A Trump rollercoaster ride
This Trump II education department is on a rollercoaster ride when it comes to college accountability issues. The administration accepted the Do No Harm legislation, and has offered a few other promising steps in favor of school disclosures to the public. (Even the Trump administration’s recent letter threatening colleges with loss of funding unless they move in a MAGA direction included a demand that colleges do more to make degrees pay off financially.)
At the same time, the Trump team’s cuts to personnel have gutted the divisions that focus on investigations, oversight, and enforcement. The Department also has taken steps to undermine the independence of NACIQI, the panel of outside experts charged with advising the Department on recognition of accrediting agencies.
Even worse, the Department cancelled a fine against Grand Canyon University that was the result of a careful investigation during Biden’s term showing that Grand Canyon systematically deceived students regarding the cost of their educations. A Department spokesperson falsely claimed that the Biden team persecuted Grand Canyon because it styles itself as a Christian school – ignoring that many of the students who were tricked were themselves Christians, while the for-profit recipient of Grand Canyon’s revenues is a Wall Street-traded corporation, not an actual Christian.
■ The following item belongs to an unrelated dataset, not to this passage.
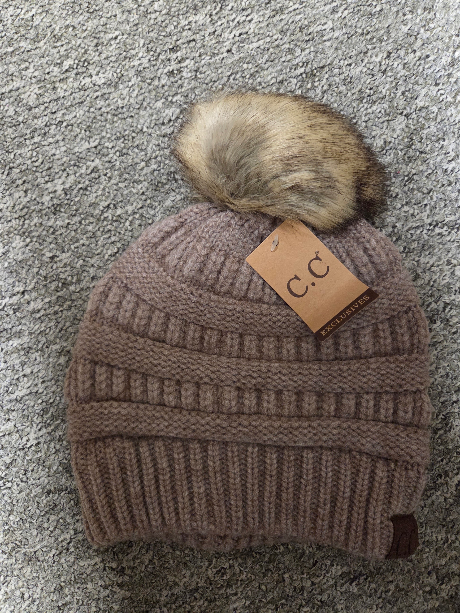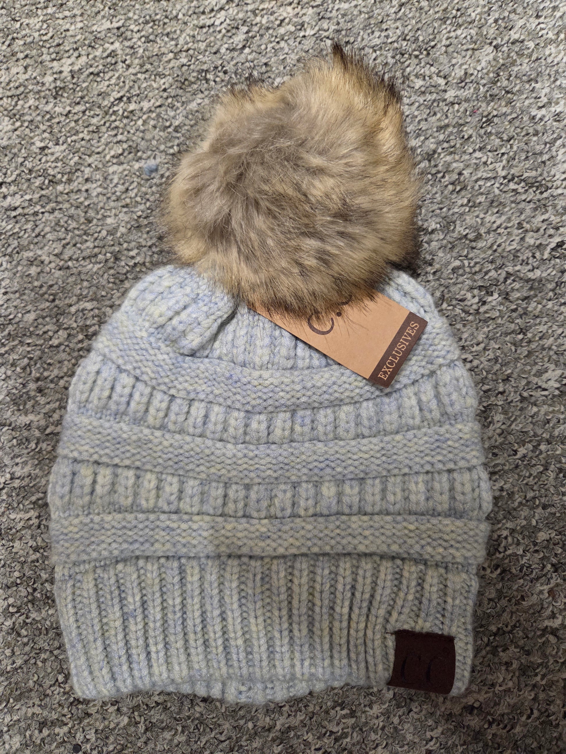 Hat - CC Mixed Soft Yarn with Natural Pom Pom Beanie for Adult Size Heads

There’s a genuine possibility, if the Trump education department does not cave to the worst positions of the for-profit education industry, that the new rulemaking will result in fair regulations that could in theory help protect students and taxpayers. The toughest tests will be whether there are sufficient guardrails to ensure quality and integrity in Workforce Pell programs, and whether critical aspects of the gainful employment rule survive. But even if the rulemaking produces strong regulations, the Department, or whatever remains of the Department, will have to re-start its commitment to oversight and enforcement, or else the new rules will mean nothing.